Course Overview

“I always wondered how it would be if a superior species landed on earth and showed us how they play chess. I feel now I know.”

“It doesn’t play like a human, and it doesn’t play like a program. It plays in a third, almost alien, way.”

“In fact, it played so well that it was almost scary…”

The quotes above refer to AlphaZero and AlphaGO, Google DeepMind’s AIs that achieved super-human performance in Chess and GO. At the core of these AI systems is an exciting idea that is changing the way view AI – reinforcement learning.

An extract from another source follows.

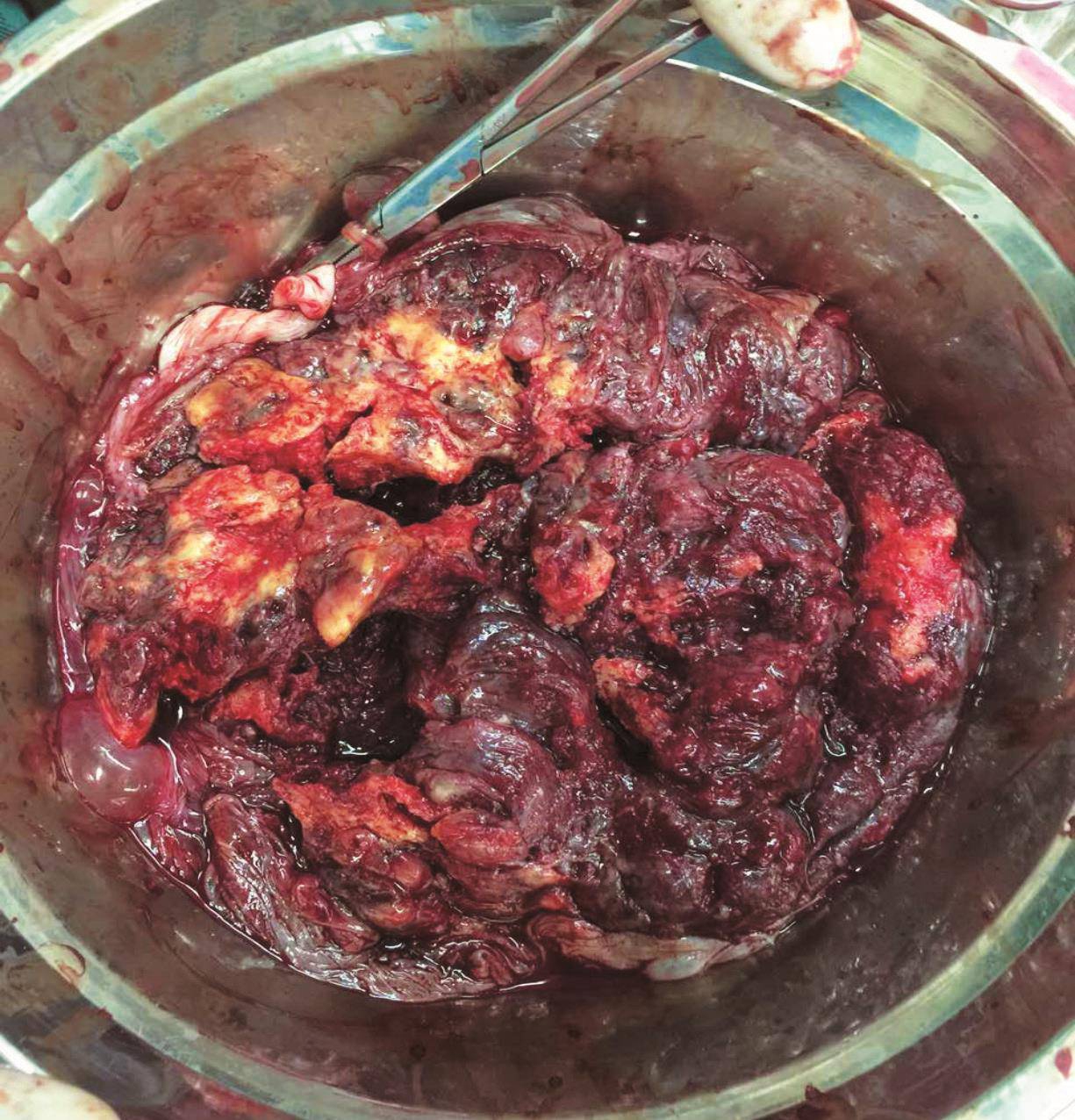 母体血流流经螺旋动脉受阻于血栓或胎盘后血肿时可出现 胎盘梗死(placental infarction)(图1)。大部分胎盘梗死位于胎盘的中央部,少部分也可发生于胎盘底部。病灶呈圆形或卵圆形,单个或多个,大小不等,形成时间不一,如为苍白或灰色质硬区域多为陈旧性梗死,如为黑色区域多为新鲜梗死。小的胎盘梗死,最大直径多<3cm,在25%的正常胎盘中可见,考虑是母体子宫胎盘循环闭塞所致,提示一种正常的胎盘老化。复杂而大的梗死,特别是梗死位于胎盘中心部位和发生在孕早、中期,临床症状显著,可能引起,低出生体重、胎儿死亡和新生儿窒息。大的胎盘梗死可能与母体血栓形成呈正相关,目前认为系统性红斑狼疮、高龄产妇等是胎盘梗死高危因素。

This is a course on reinforcement learning (RL), the third, often forgotten paradigm of machine learning along with supervised learning and unsupervised learning and is something I am very fascinated by. RL has its roots in behavioural psychology and the reason I love RL so much is because I believe it comes closest to learning tasks in the same way humans do. Along with RL and the similar fields like Apprenticeship Learning and Meta Learning, I think we are taking massive steps towards solving the problem of AI.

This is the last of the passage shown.